Most trades qualify, provided that they are conducted on a commercial basis with a view to making profits. A trade will not qualify if one or more excluded activities together make up a 'substantial part' of that trade. This will depend on the relevant facts and circumstances, but we generally consider that they do where they amount to more than 20 per cent of the trade. The main excluded activities are:

  • dealing in land, financial instruments, or in goods other than in an ordinary trade of retail or wholesale distribution
  • financial activities, property development, or providing legal or accountancy services
  • leasing or letting assets on hire, except in the case of certain ship-chartering activities
  • receiving royalties or licence fees, except where these arise from an intangible asset such as a patent or know-how, where most of it has been created by the company (or one of its subsidiaries)
  • farming, market gardening, or forestry
  • operating or managing hotels, guest houses, hostels, or nursing or residential care homes
  • providing services to another company in certain circumstances where the other company's trade consists to a substantial extent in excluded activities
  • shipbuilding, producing coal or steel

Gross assets

For investment of funds raised from 6 April 2006, the value of the company’s gross assets must not exceed:

  • £7 million immediately before the VCT makes its investment, and
  • £8 million immediately afterwards

If the company is a member of a group, the limits apply to the gross assets of the group, taken as a whole. This is known as the 'gross assets' rule


The company must not be controlled by:

  • another company, or
  • another company and a person connected with that company

Nor must there be any arrangements for such control. For this purpose a company controls another company if it directly or indirectly possesses, or is entitled to acquire:

  • more than 50 per cent of the company's share capital or issued share capital, or
  • more than 50 per cent of the voting power in the company, or
    • enough of the company's issued share capital to entitle it to more than 50 per cent of the company's income, if it were all distributed to the company's participators, or
    • more than 50 per cent of the assets of the company that are available for distribution to the company's participators on its winding-up

For this purpose all loans (except loans convertible into shares) and fixed-rate preference shares that do not carry voting rights are ignored.


A company in which a VCT invests may have subsidiaries providing that they meet certain conditions, which are outlined below.

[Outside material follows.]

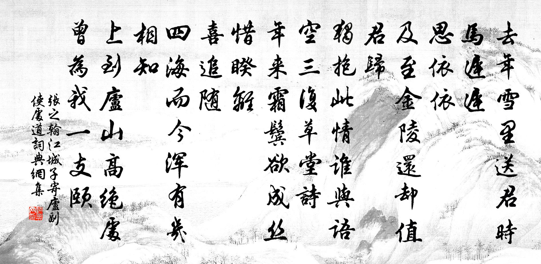 詩詞名句歷史字典書法欣賞書法字典國語詞典說文解字康熙字典古漢語字典標 題 作 者 詩 句 江城子 寄廬副使處道作者:張之翰 朝代:元代江城子 寄廬副使處道原文去年雪裡送君時。馬遲遲。思依依。及至金陵,還卻值君歸。獨抱此情誰與語,空三復,草堂詩。年來霜鬢欲成絲。惜睽離。喜追隨。四海而今,渾有幾相知。上到廬山高絕處,曾為我,一支頤。詩詞問答問:江城子 寄廬副使處道的作者是誰?答:張之翰問:江城子 寄廬副使處道寫於哪個朝代?答:元代問:江城子 寄廬副使處道是什麼體裁?答:詞張之翰江城子 寄廬副使處道書法欣賞江城子 寄廬副使處道書法作品詩詞推薦予往來秦熙汧隴間不啻十數年時聞下里之歌遠李復〔宋代〕繰絲宛轉聽東聲,東聲忽斷心暗驚。舊機虛張未滿幅,新絲更短織不成。病中絕句范成大〔宋代〕石鼎颼颼夜煮湯,亂拖芝術斗溫涼。化兒幻我知何用?只與人間試藥方。和陳勉仲贈淮西漕吳介之二首王之道〔宋代〕威嚴霜肅德春陽,民感澄清涕泗滂。畏壘大穰知不晚,三年端可笑庚桑。再用前韻和答晁補之〔宋代〕當時同赴飲城西,傾蓋論心已恨遲。湖海可無年少氣,雪霜還有歲寒枝。功傳汗竹藏王府,詩入文弢動島夷。不會再賦五雜范成大〔宋代〕五雜俎,綬若若。往復來,大車鐸。不得已,去丘壑。題易村華岳〔宋代〕路轉峰迴覺有村,數間茅屋瞰山陰。午炊已飽翻匙玉,臘醖仍拚掛杖金。窮去作文和鬼送,興來得句倩蟬吟。一聲小酌王令〔宋代〕平生從事漫徒勞,時以休閒近酒醪。東海可從誰自重,南山如與客爭高。老將日月來雙鬢,生委乾坤寄一毛。更展水調歌頭鍾將之〔宋代〕更似南津港,再遇呂公船。閨情效香奩體黃庚〔宋代〕淚浣香腮粉未乾,相思成病 * 。此 * 向琵琶訴,整得琵琶又倦彈。六花飛(冊寶)曹勛〔宋代〕寅杓乍正,瑞雲開曉,罩紫府宮殿。聖孝虔恭,率宸庭冠劍。上徽稱、天明地察,奉玉檢、璇耀金輝,仰吾君,親偈頌十六首釋如淨〔宋代〕時節因緣佛性義,共移靈棹渡頭舟。玉麟帶月離雲漢,金鳳銜花下彩樓。春日雜興陸游〔宋代〕乍晴乍雨忽經旬,半醉半醒還過春。春臥不知庵外事,閒吟聊適夢中身。溪灣趙訥軒〔宋代〕曬網漁人路,高低四五家。半篙四五家。半篙春水竹,一樹夕陽花。鷗靜機忘鷺,牛行背立鴉,牛行背立鴉。白頭寄孫學長孝思曾豐〔宋代〕短檠方冊不增窮,窮到無錐文字工。與我心同如印印,使人意快似風風。江山信筆機之熟,天地忘懷氣所充。耆舊漁夫舞史浩〔宋代〕一引修鱗吾事了。棹船歸去歌聲杳。門俯清灣山更好。眠到曉。鳴榔艇子方雲擾。山家陸游〔宋代〕陶葛金丹訣,千年秘不傳。人皆肖天地,世豈乏神仙。擾擾生趨死,悠悠食復眠。微言誰復領,浩嘆撫遺編。冬日齋中即事陸游〔宋代〕我老苦寂寥,誰與娛晨暮?狸奴共茵席,鹿麑隨杖屨。歲薄食無餘,恨使鳥雀去。安得粟滿囷,作粥饋行路!賀新郎(約友三月旦飲)蔣捷〔宋代〕雁嶼晴嵐薄。倚層屏、千樹高低,粉纖紅弱。雲隘東風藏不盡,吹艷生香萬壑。又散入、汀蘅洲藥。擾擾匆匆塵土偈頌三十首釋慧暉〔宋代〕佛日高懸,祖月彌朗。僧雲漫漫,法雨浩浩。禪林花發,教風春迎。致爽軒杜子更〔宋代〕西鄰東老總為虛,料想君家樂有餘。白酒黃金都是幻,爭如好客與收書。名句推薦樓角初銷一縷霞,淡黃楊柳暗棲鴉賀鑄《減字浣溪沙·樓角初銷一縷霞》 念歸林葉換,愁坐露華生。張九齡《西江夜行》 扁舟昨泊,危亭孤嘯,目斷閒雲千里。吳潛《鵲橋仙·扁舟昨泊》 又是過重陽,台榭登臨處,茱萸香墜。李煜《謝新恩·冉冉秋光留不住》 不知天上宮闕,今夕是何年。蘇軾《水調歌頭·丙辰中秋》 金絡青驄白玉鞍,長鞭紫陌野遊盤。萬楚《驄馬》 朝為越溪女,暮作吳宮妃。王維《西施詠》 客愁全為減,舍此復何之?杜甫《後游》 恐是仙家好別離,故教迢遞作佳期。李商隱《辛未七夕》 父母威嚴而有慈,則子女畏慎而生孝矣。顏之推《顏氏家訓·教子篇》

In the case of each subsidiary, the company invested in must directly or indirectly own more than 50 per cent of the ordinary share capital of the subsidiary and the subsidiary must not be controlled by any person other than the company invested in or another of its subsidiaries. Additionally, any subsidiary whose business consists wholly or mainly of holding or managing land or property deriving its value from land must be at least 90 per cent owned directly by the company invested in. If the money invested in the company by the VCT is to be used by a subsidiary, then that subsidiary must be at least 90 per cent owned directly by the company invested in. The trading activity for which the money was raised may be transferred between such subsidiaries and the company invested in.

Other requirements

Other rules concerning the investment include rules relating to:

  • the maximum size of the investment in any particular company that can count towards the VCT qualifying holdings
  • how the money invested by the VCT is used and the period within which it must be used, and
  • the need for a minimum proportion of ordinary shares with no preferential rights to dividends or to the company's assets on its winding up, and no right to be redeemed, in the investment made by the VCT in any particular company

This guide provides an overview for companies and potential investorsIt does not cover all the detailed rules, so companies and investors should not proceed solely on the basis of the information in it, and should consider seeking professional advice.